____ DATA BELOW

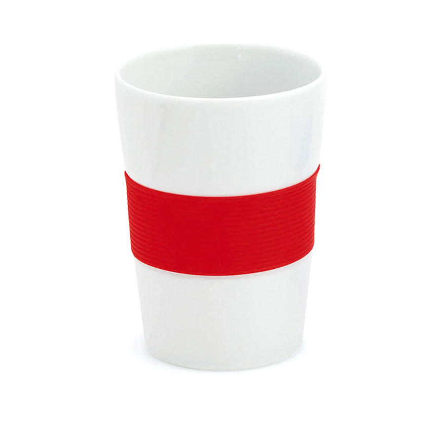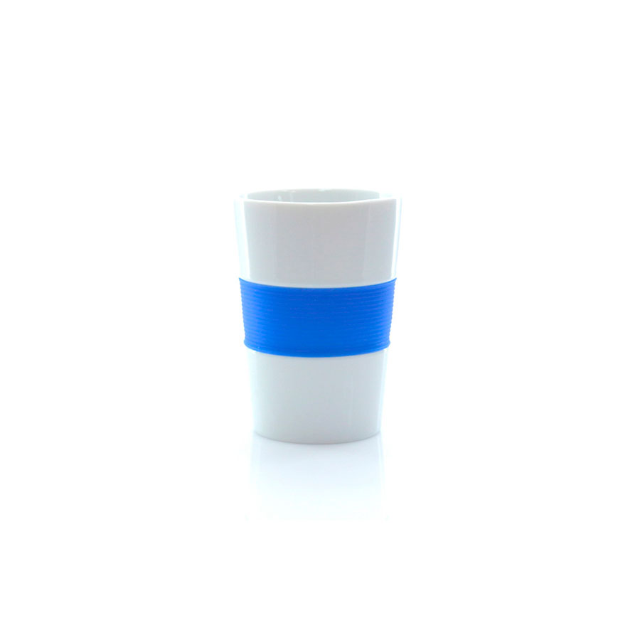 Керамический стакан с яркой силиконовой манжетой-держателем. Манжета предохраняет руки в случае нагрева стакана с горячей жидкостью. Индивидуальная упаковка.
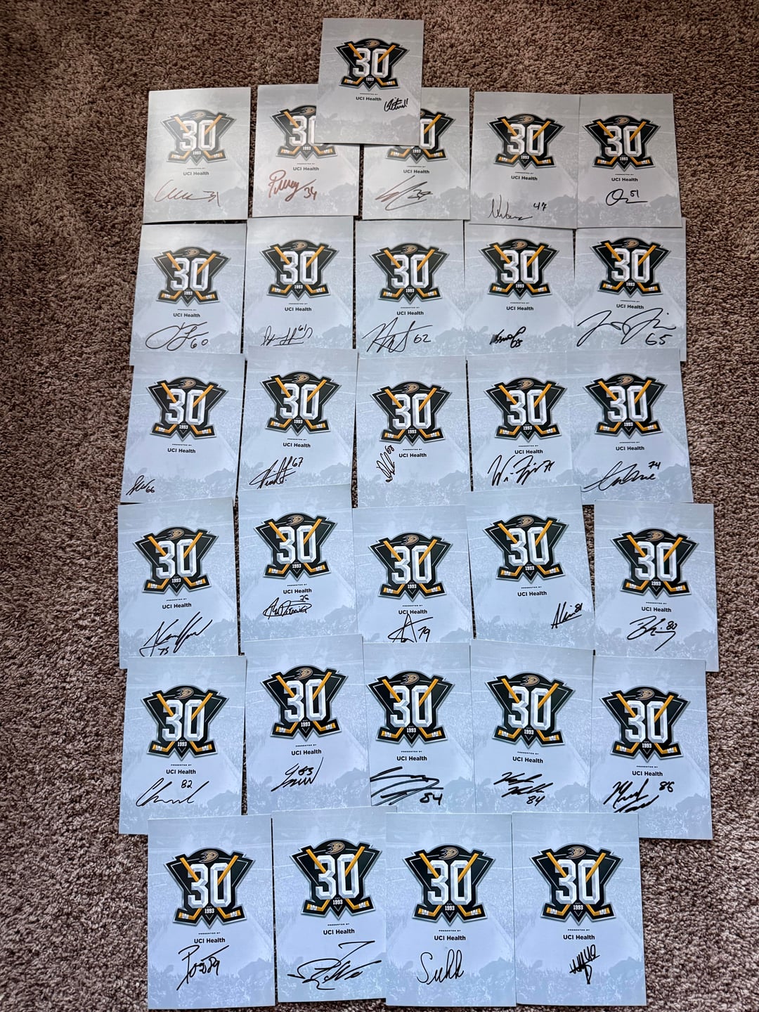 I recently purchased a blind lot of duck memorabilia. I got this lot of 30 30th anniversary signatures. I have no clue what these are from. I imagine it was an Orange Alliance event in 2023 since the bomber jacket from that year was also in this lot.
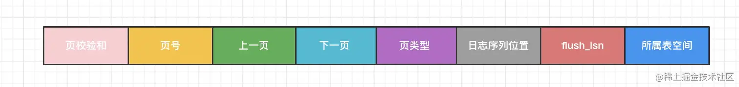 8个字节组成,前4个字节是页的校验和,与文件头中的校验和对应,后4个字节代表页面最后修改时对应的日志序列位置(lsn)。
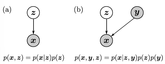 ,假定存在有向无环图 ,记 代表节点 在 中的全体前驱,则若: 称 刻画了一个概率图模型。概率图模型中的某些点在数据集中是不可见的,这些点便被称作隐变量。常见的模型,例如 EM 和 conditional VAE 的概率图模型形如:

________

*DIRECTIONS:*
Only the lines from the one containing "I recently purchased" through the final line of the data are to be written out, exactly as they stand and without pictures.

*REPLY:*
 I recently purchased a blind lot of duck memorabilia. I got this lot of 30 30th anniversary signatures. I have no clue what these are from. I imagine it was an Orange Alliance event in 2023 since the bomber jacket from that year was also in this lot.
 8个字节组成,前4个字节是页的校验和,与文件头中的校验和对应,后4个字节代表页面最后修改时对应的日志序列位置(lsn)。
 ,假定存在有向无环图 ,记 代表节点 在 中的全体前驱,则若: 称 刻画了一个概率图模型。概率图模型中的某些点在数据集中是不可见的,这些点便被称作隐变量。常见的模型,例如 EM 和 conditional VAE 的概率图模型形如:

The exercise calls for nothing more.